Gantry cranes sit idle above cruise ships and stacks of cargo containers at port during a strike by International Longshore and Warehouse Union Canada workers in the province in Vancouver on Wednesday, July 12, 2023. Work has resumed at British Columbia ports after both sides of the strike agreed to a tentative deal Thursday. THE CANADIAN PRESS/Darryl Dyck
VANCOUVER – British Columbia port workers are back on the job after a tentative agreement was reached between the employers association and the workers union, ending a 13-day-old strike.
A B.C. Maritime Employers Association spokesman says work at the Port of Vancouver began yesterday at 4:30 p.m. with 120 workers to be dispatched overnight, ramping up to 500 by 8 a.m. today.
The association says it reached a four-year agreement with the International Longshore and Warehouse Union Canada.
The union, which represents 7,400 workers in the job action that began July 1, has not yet commented on the pact.

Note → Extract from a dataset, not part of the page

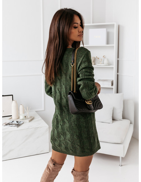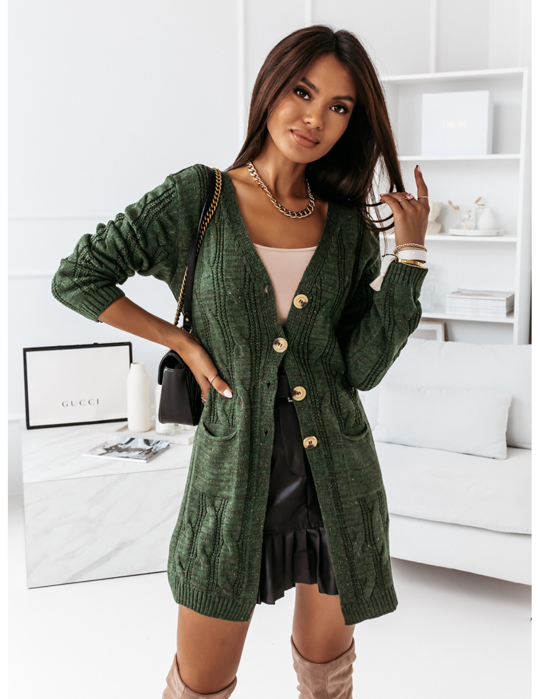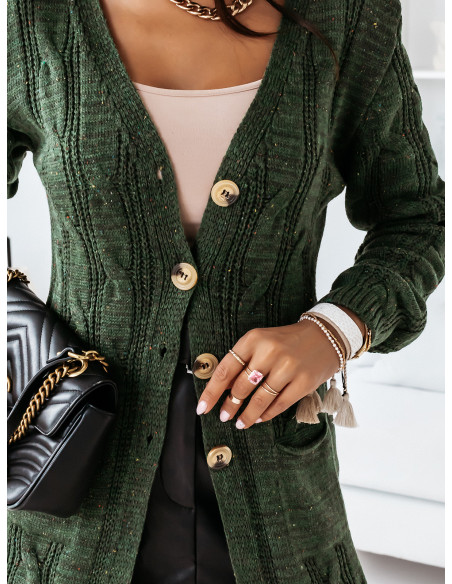 Długi sweter z guzikami SALVANA - butelkowa zieleń

The agreement is subject to ratification by members of both the union and the maritime employers, and no additional details on the deal have been released.
Federal Labour Minister Seamus O’Regan said Thursday that the strike that had snarled trade worth billions was over and thanked both sides.
But he and Transport Minister Omar Alghabra said in a statement that the extent of the disruption showed the importance of the relationship between industry and labour, and that Canada’s “supply chains and our economy depend on it.”
The tentative agreement to end the strike came after O’Regan ordered a mediator to issue terms for a settlement, saying the gap in the deadlocked talks was “not sufficient to justify a continued work stoppage.”